There are also more advanced extensions of linear regression, such as elastic net regression [31], and other learning-based regressors such as support vector regression (SVR) [24]. We compare several popular regression methods in our ablations studies.

6 Experiments

6.1 Dataset and settings

We collected a set of 3D scans using the commercial scanner (Sect. 3). The dataset—NOMO3D—consists of 194 male and 181 female scans. For each subject, a clothing expert (tailor) made the actual anthropometric measurements (15 male and 19 female). All results are average performance over fivefold cross-validation.

Method evaluation We employ the mean absolute error (MAE) as the error metric between the ground truth and estimated anthropometric measurements. For each measurement i, mean absolute error \(\epsilon _i\), over all subjects j was obtained as

$$\begin{aligned} \epsilon _{i} = \frac{1}{|j|} \sum _{j=1}^{|j|} \left| t^{(j)}_{i} - \hat{t}^{(j)}_{i}\right| . \end{aligned}$$
(10)

In addition to the measurement-specific MAEs, we also computed the average MAEs over all measures.
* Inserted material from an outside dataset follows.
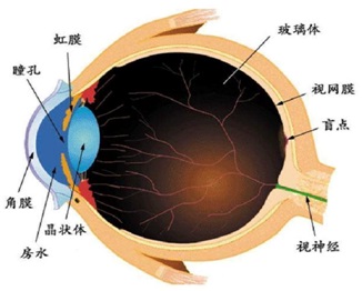 視網(wǎng)膜可能是大家最熟悉的眼部組織。它的厚度不一,一般為0.4mm,視盤邊緣最厚,約0.5mm,中央最薄,為0.1mm,由神經(jīng)細(xì)胞的多個復(fù)雜層組成,其中的視桿視錐層是感光組織。視網(wǎng)膜有視桿細(xì)胞約12000萬個,對弱光刺激敏感;另外有視錐細(xì)胞有650萬~700萬個,對強光和顏色敏感。黃斑處于人眼的光學(xué)中心區(qū),是視力軸線的投影點,人眼視線的清晰都取決于黃斑上真實圖像的形成。黃斑中央的凹陷稱為中央凹,是視力最敏銳的地方,視錐細(xì)胞大多集中在這里。

All numbers were measured in millimeters (mm). Moreover, for each measurement, we also report the proportion of the test samples for which the accuracy was below the defined error limits in [9] as Success rate.

Computational complexity The most time-consuming part is the non-rigid ICP registration. Matlab code was adapted from [1] and it runs approximately 2 min on each scan. The pre-alignment and initialization procedures are very fast, less than a second, as well as the regression which is also computationally fast.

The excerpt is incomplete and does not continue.